Thursday, August 3, 2017

Life gets in the way of Writing

I thought motherhood was a boisterous career. I will mold a young mind and raise her to be a productive member of society, an exceptional genius. While this may be true in the long run, (or at least I hope), for the time being, I am just preventing her from hitting her head against the wall, over and over again.

Before I became a mom, I really wanted to have a baby with whom I can share my world. Now I am constantly grabbing things away from her and pulling stuff out of her mouth.

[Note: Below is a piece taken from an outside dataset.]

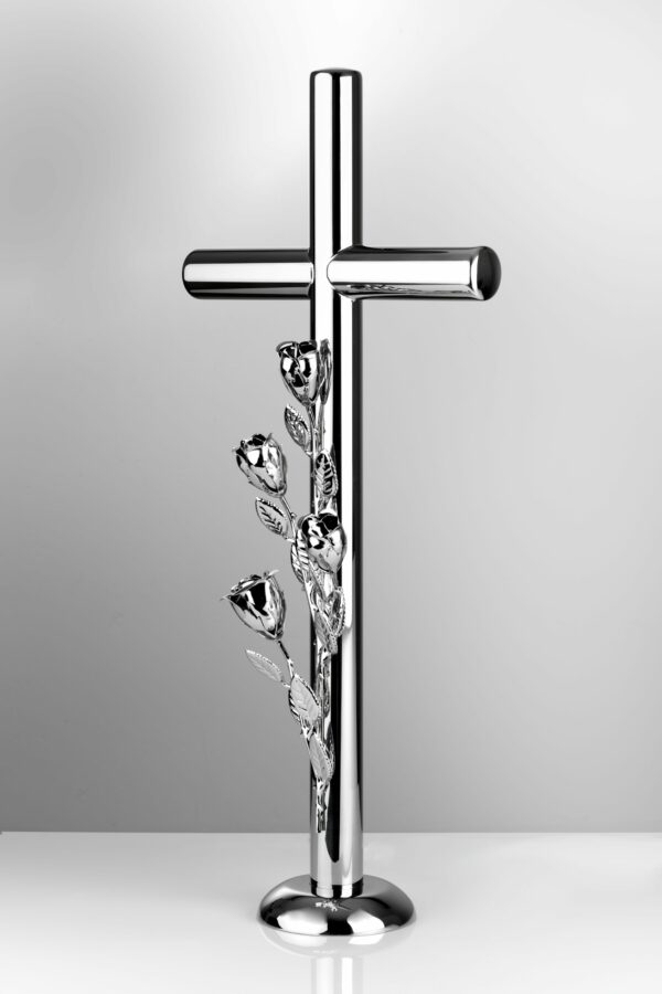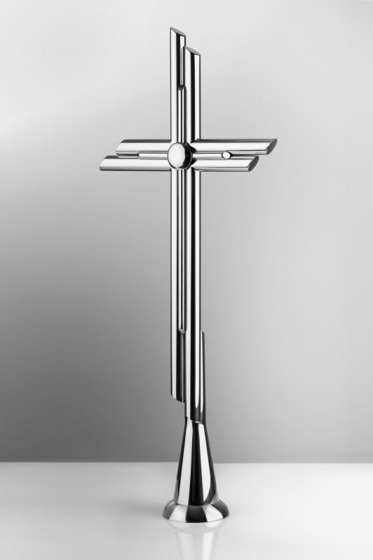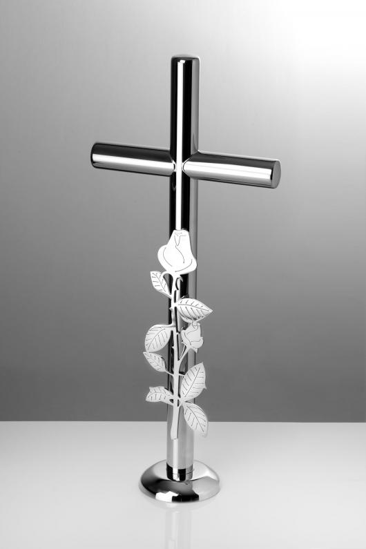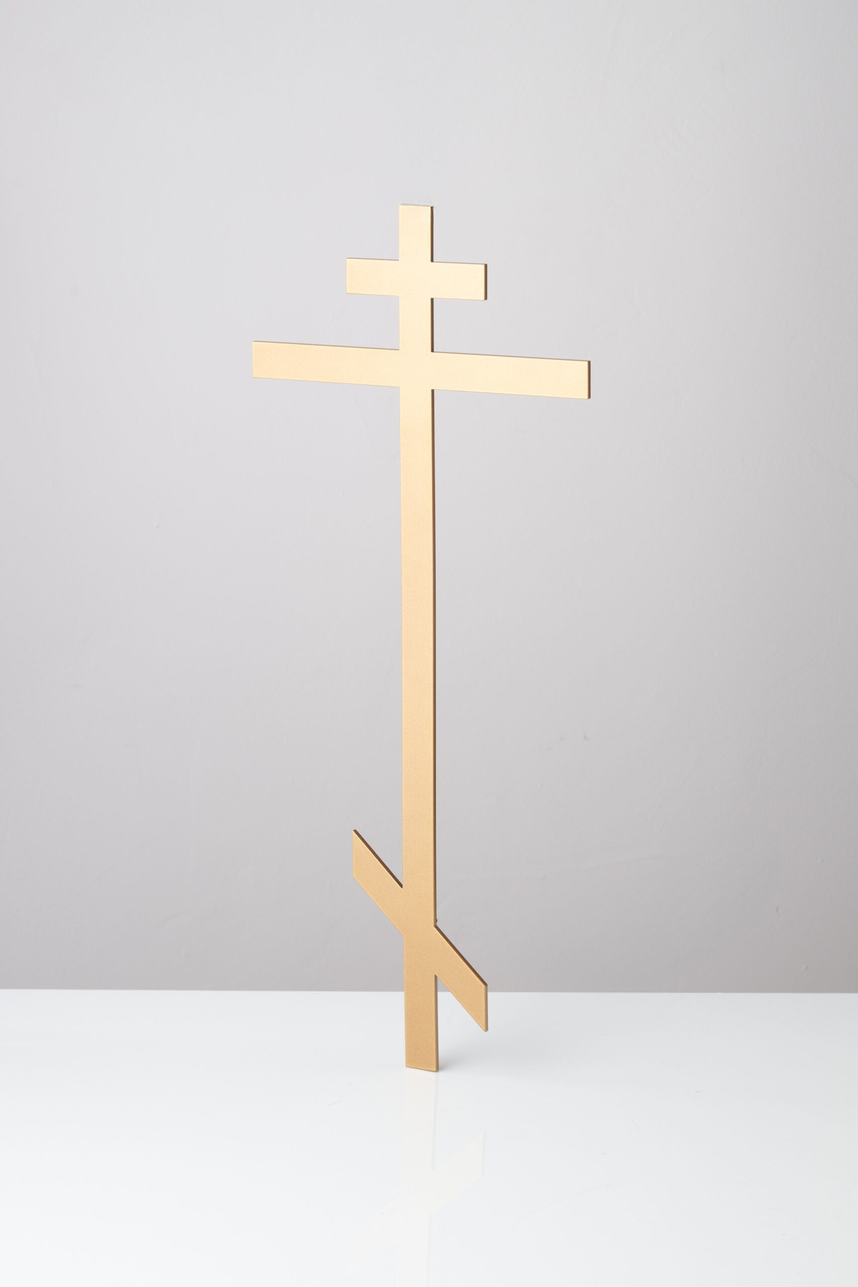 Krzyż z blachy płaskiej o grub. 3 mm. Krzyż prawosławny na bazie modelu 155. Malowany proszkowo na kolor starego złota.

Before I became a mother, words used to just flow out of me. I wouldn’t even have to think about what I was writing, words just came to me naturally, like breathing. Then life happened, and pregnancy happened and a child happened and suddenly it is impossible to even construct a sentence without soothing a tantrum or foiling a suicide attempt.

Writing isn’t as easy as putting pen to paper. It means I turn on my laptop then get called to change her diaper. I think about the topic and title while giving her a bath.  The opening paragraph is brainstormed while I sing and dance in an attempt to feed her lunch. I jot a few lines on a napkin or the margins of a newspaper as I chase after her across the hardwood floor before she puts the laptop wire into her mouth.  Then I finally have a moment to myself at 3 am when she is asleep but my mind is too exhausted to conjure any sense so I sink back into bed beside her.

It is difficult to have a writing career and a child simultaneously.